Abstract

The following study is concerned with how immersive experiences are constructed in first-person shooter (FPS) video games through the implementation of “realistic” audio. Bringing together the three fields of video game studies, sound studies, and science and technology studies in its theoretical framework, this study approaches FPS games as commodities, marketed for their capabilities towards providing the player with an immersive and realistic experience, and constructed in particular ways, for particular ends. The first part of this study explores the context of FPS game audio development, from the earliest days of video games in the mid-twentieth century, to the current day. It is argued that the history of FPS games is tightly coupled with the innovation of particular audio reproduction technologies, with the greater history of representation across forms of media, and on a trajectory towards increased immersive realism. The aesthetics of realism as presented in war cinema are taken as a fundamental influence for how immersive and realistic auditory experiences are constructed for contemporary FPS players. The second part of this study takes four FPS games and formally describes them in terms of how the player is positioned as a subject via the game and platform’s audio affordances and disaffordances.

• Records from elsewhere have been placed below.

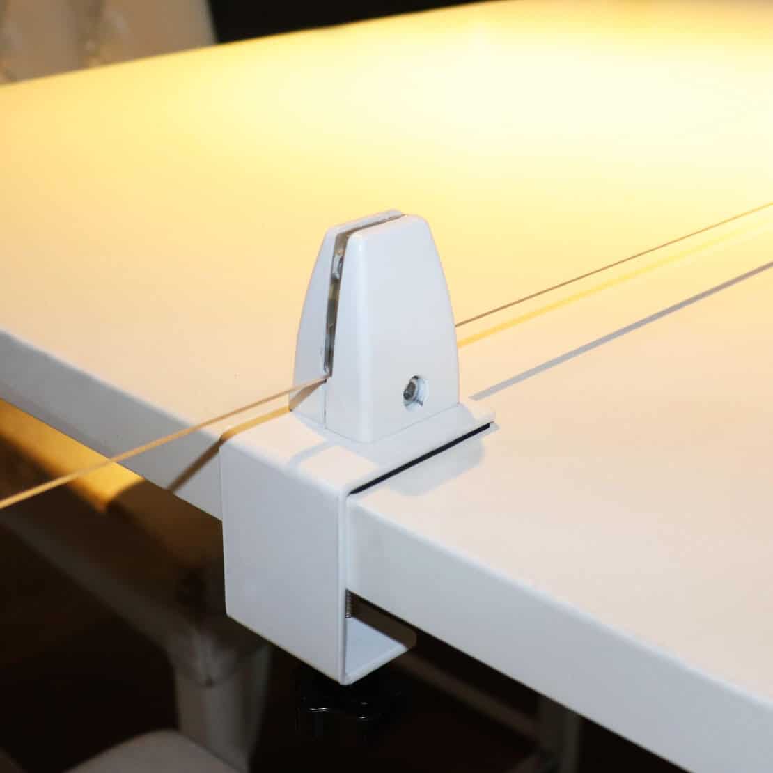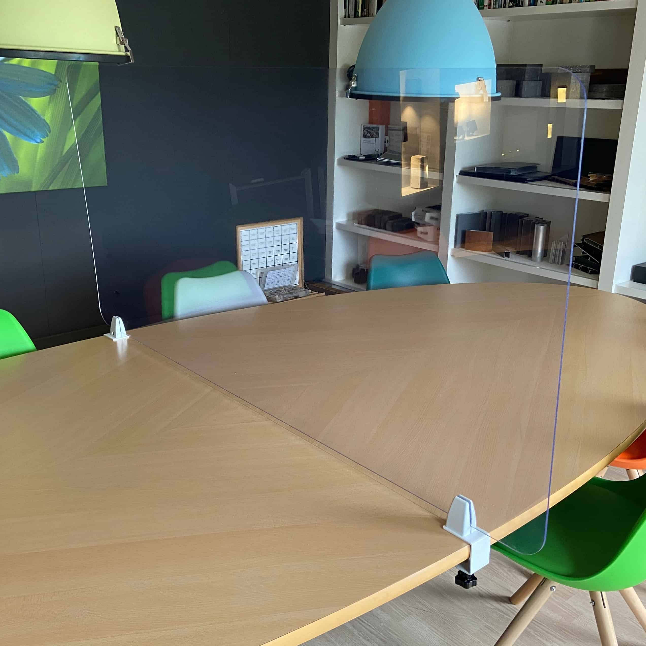 Multifunctioneel, bruikbaar als bv. baliescherm, horecascherm of kantoorscherm tegen verspreiding van virussen. Kies de afmetingen, de vormgeving en de kleur van de klemmen. Het bovenste deel van de klemmen is draaibaar. U kunt het scherm hierdoor ook haaks in het midden van een tafel plaatsen.
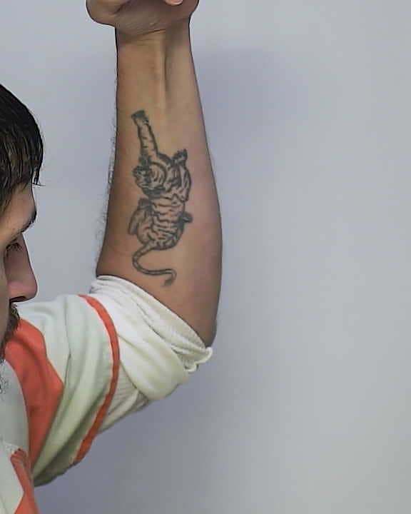 Burham stands 5-foot-10 and weighs approximately 160 pounds. He has brown hair and brown eyes. He has a pair of tiger tattoos – one on his right bicep and another on the inside of his left forearm. He was last seen wearing a prison-issued blue denim jacket, an orange-and-white-striped prison jumpsuit and jail-issued orange crocs.
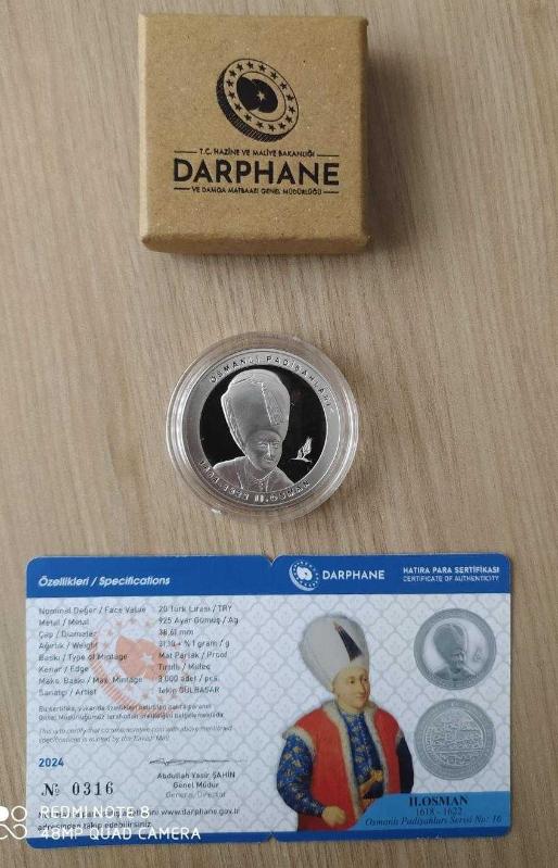 Darphane 2. Osman Gümüş Hatıra Para Osmanlı Padişahları Serisi No. 16, 8 ay önce satışa sunulmuştur.
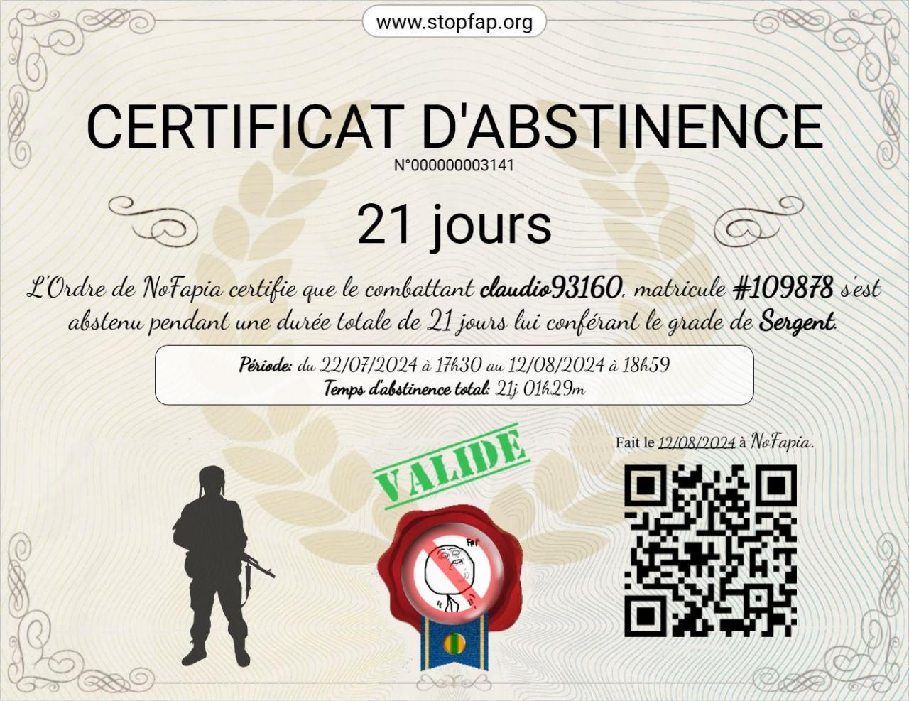 Mon no fap actuel est mon record depuis 15 ans. je suis très fière et je ferai tout pour tenir le plus longtemps possible.
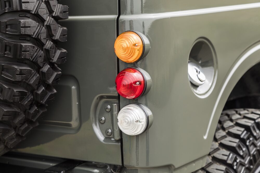 オールド・ディフェンダーのリアを彷彿とさせるマッドモービル製の3連テールランプ。こちらは取り付け加工が必要なため、装着希望の人はマッドモービルに問い合わせを。
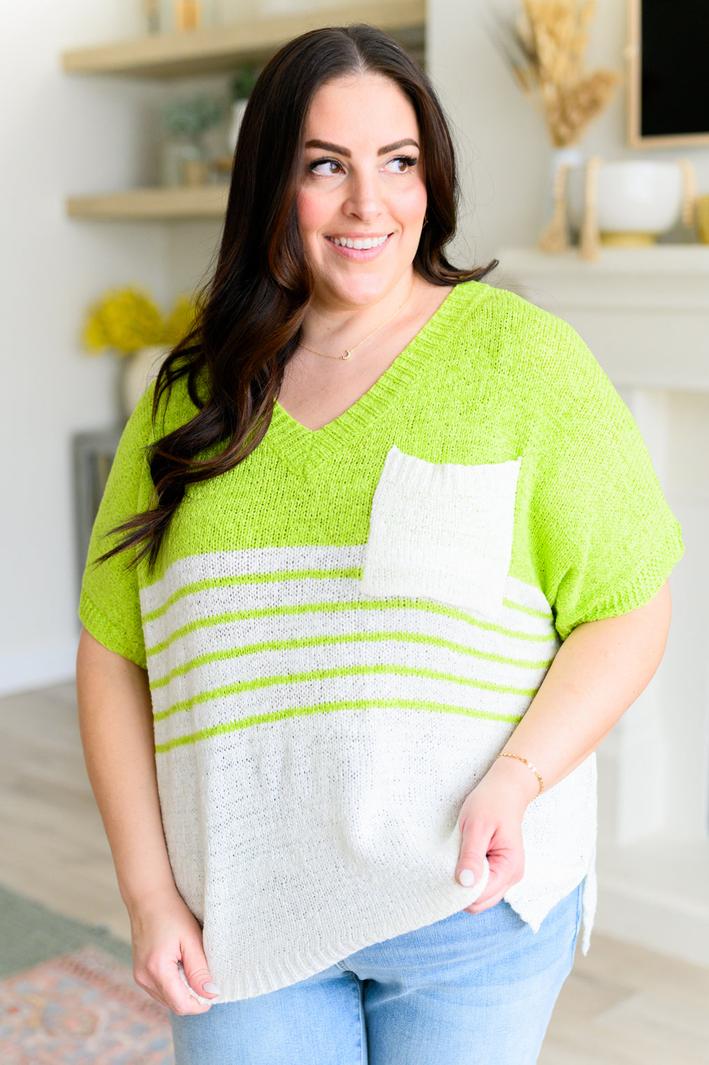 The Speak Now V-Neck Top is perfect for any occasion. Its lightweight knit offers comfort and style, while the variegated stripe adds a touch of uniqueness. The v-neckline and dolman sleeves provide a flattering fit, and the patch pocket adds functionality. Elevate your wardrobe with this must-have piece.
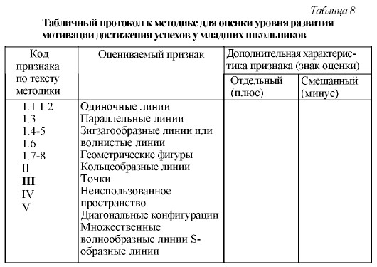 Методы психодиагностики младших школьников Методы изучения личности и межличностных отношений у младших школьниковСпециальных методов изучения личности и межличностных отношений младших школьников, как и дошкольников, не так уж много, во всяком случае гораздо меньше, чем аналогичных психодиагностических методов для взрослых, подростков и юношей. Однако потребность в точной личностной и коммуникативной диагностике детей этого возраста не меньше, чем в диагностике более старших детей, а если речь идет о сфере образования — то даже больше, так как становление личности и межличностных отношений — это одна из задач образования. При проведении личностной и межличностной психодиагностики детей младшего школьного возраста возникают проблемы, близкие к тем, которые мы уже обсуждали в соответствующем разделе предыдущей главы. Младшие школьники, особенно учащиеся первых двух классов, по своей психологии и поведению еще очень похожи на старших дошкольников. Тем не менее психологи располагают определенной совокупностью достаточно валидных и надежных методик психодиагностики личности и межличностных отношений в младшем школьном возрасте. Многие из этих методик представляют собой адаптированные применительно к детям данного возраста тесты для взрослых, другие созданы и применяются только по отношению к детям младшего школьного возраста. Одним из специальных детских тестов личностного плана является, например, уже описанный нами в предыдущей главе тест для психодиагностики мотивации достижения успехов. Он применим и для младших школьников, хотя в двух старших классах начальной школы вполне можно использовать проективный тест изменения этой же потребности, предназначенный для взрослых и основанный на Тематическом Апперцептивном Тесте Г. Маррея. Методика 24. Изучение мотивации достижения успеховПолное описание данной методики содержится в третьем разделе седьмой главы книги. Добавим к этому некоторые рекомендации, касающиеся сбора и систематизации экспериментальных данных. Для облегчения проведения анализа графических изображений рекомендуется воспользоваться следующей таблицей, где представлены признаки, выделяемые в ходе анализа, и оценки этих признаков в баллах (табл. 8). В эту таблицу-протокол в соответствующую графу и строку вносятся все отмечаемые в рисунке ребенка детали. По окончании анализа подсчитывается количество плюсов и минусов и производится их алгебраическая суммация. В результате получают количественный показатель степени развитости у детей мотивации достижения успехов (если сумма оказалась положительной) или мотивации избегания неудач (если сумма оказалась отрицательной).
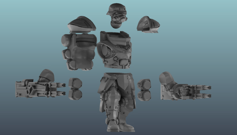 These are multi part models, heads, arms, legs and backpacks are seperate... and yes the cables and ammo feed are too

Finally, both sections are brought to bear on one another in a diachronic account of how subjects have been (re)positioned via game audio throughout the history of the FPS. Merging these threads, ultimately this study argues that the player-subject of FPS games has been aurally (re)positioned on a trajectory shared with the refinement of audio reproduction technologies towards greater immersive realism. Technological development and the aesthetics of realism, as well as the evolution of FPS games into competitive multiplayer formats, have been mutually influential in this, one necessitating the other in a constant cycle of refinement and occasional decline.